Can we similarly separate water waves from the water surface by colliding it with a particle? Why/why not?
You are quite correct that the conduction electrons in a metal are delocalised. They are approximately described by a function called a Bloch wave. In principle the electrons are delocalised over the whole piece of metal, though in practice they are delocalised over the distance between scattering events, which I think is generally about $10$ to $100\textrm{nm}$ though I don't have firm figures for this and it will depend on the metal and the temperature. But photons are also delocalised, so what we get is an interaction between two delocalised objects that changes the state of both.
I think where the problem arises is in your use of the word collide, because the interaction is not like a macroscopic collision e.g. between two billiard balls. Neither the electron nor the photon are point particles. Instead what happens is the oscillating electric field of the photon interacts with the electron and the two particles become entangled. In this state we no longer have two distinct particles as the wavefunction describing the two of them cannot be factored into an electron part and a photon part.

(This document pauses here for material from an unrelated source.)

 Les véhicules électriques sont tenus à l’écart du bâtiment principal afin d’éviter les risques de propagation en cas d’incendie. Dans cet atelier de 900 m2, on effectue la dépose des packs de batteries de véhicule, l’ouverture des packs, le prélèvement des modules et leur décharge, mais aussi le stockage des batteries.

The combined wavefunction is time dependent and can evolve in different ways. One possibility is that it will evolve back into the original photon and electron states and there won't be any interaction between the photon and electron. Another possibility is Compton scattering where the state evolves back into a photon and electron but now their energies have changed, and a third possibility is that it evolves into a state describing a free electron and no photon. This third outcome is what produces the photoelectron.

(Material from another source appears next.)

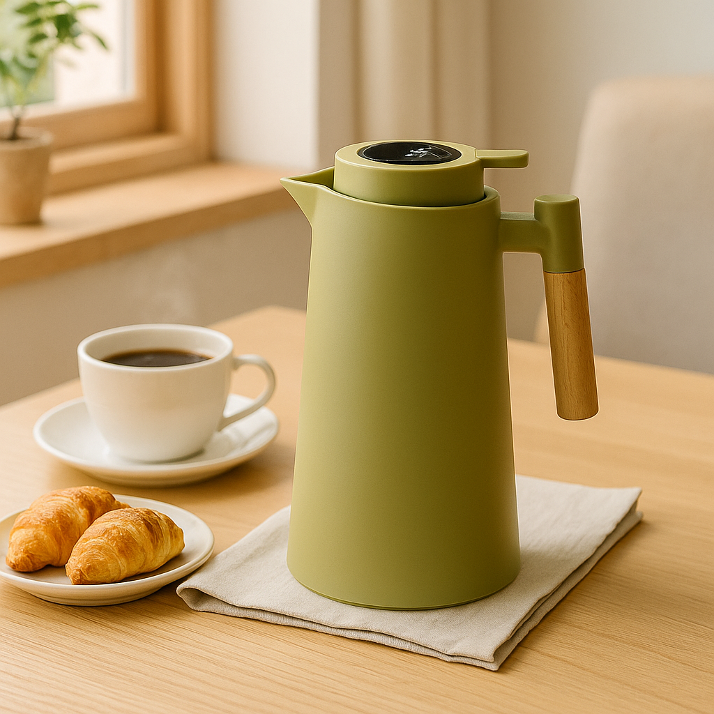 Isolierkanne aus Glas mit Temperaturanzeige und Holzgriff

I don't think there is a useful analogy to be made with a water wave as it isn't obvious what the equivalent of the entangled state would be for a water wave.
Water waves obey classical mechanics. The wave is the change in the motion, and consequently momentum and energy of the water particles, an energy in motion wave. All this with classical mechanics.

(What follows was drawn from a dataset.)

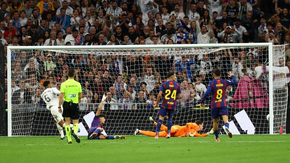 Sau khi bị từ chối bàn thắng, Real Madrid tiếp tục dâng cao đội hình tấn công và sớm được đền đáp. Phút 22, Jude Bellingham chọc khe tinh tế để Mbappe thoát xuống đối mặt với thủ môn Barcelona và dứt điểm gọn gàng mở tỷ số 1-0 cho “Kền kền trắng”. Sau bàn thua, Barcelona dồn lên tấn công và có cơ hội gỡ hòa ở phút 38, khi Fermin Lopez dứt điểm chính xác sau tình huống phản công nhanh, cân bằng tỷ số 1-1.

The electron is not a wave, it is a point in space, a quantum mechanical particle with a fixed mass. In quantum mechanics there is a solution of a quantum mechanical equation that has the potentials and boundary conditions of the specific problem, in this case the scattering of given energy photons on a metal surface. The complex conjugate square of the wavefunction describing a given electron gives the probability for an electron to be ejected. It is a probability wave that describes the reaction. A photon of an energy higher then the energy binding the electron to the lattice has a probability to scatter with an electron and eject it. That is why the photoelectric effect is plotted on the y axis as the maxmimum photoelectron kinetic energy for that frequency, it is a limit of a more complicated interaction of the reaction photon+ metal-lattice.
But knowing the uncertainty principle which suggests that an electron is more like a wave
It does not. It just gives an envelope for determining two non commuting variables of the interaction, it says nothing about the nature of the electron.
One can think of an ejected electron as a plane wave with a certain momentum. Being ejected doesn't mean that it has to be localized, only that it is not bound to the crystal anymore.
If we use water analogy, we could, e.g., think of a wave running away through the entry to a harbor. Dropping a massive object into the harbor would certainly eject some water into the open sea.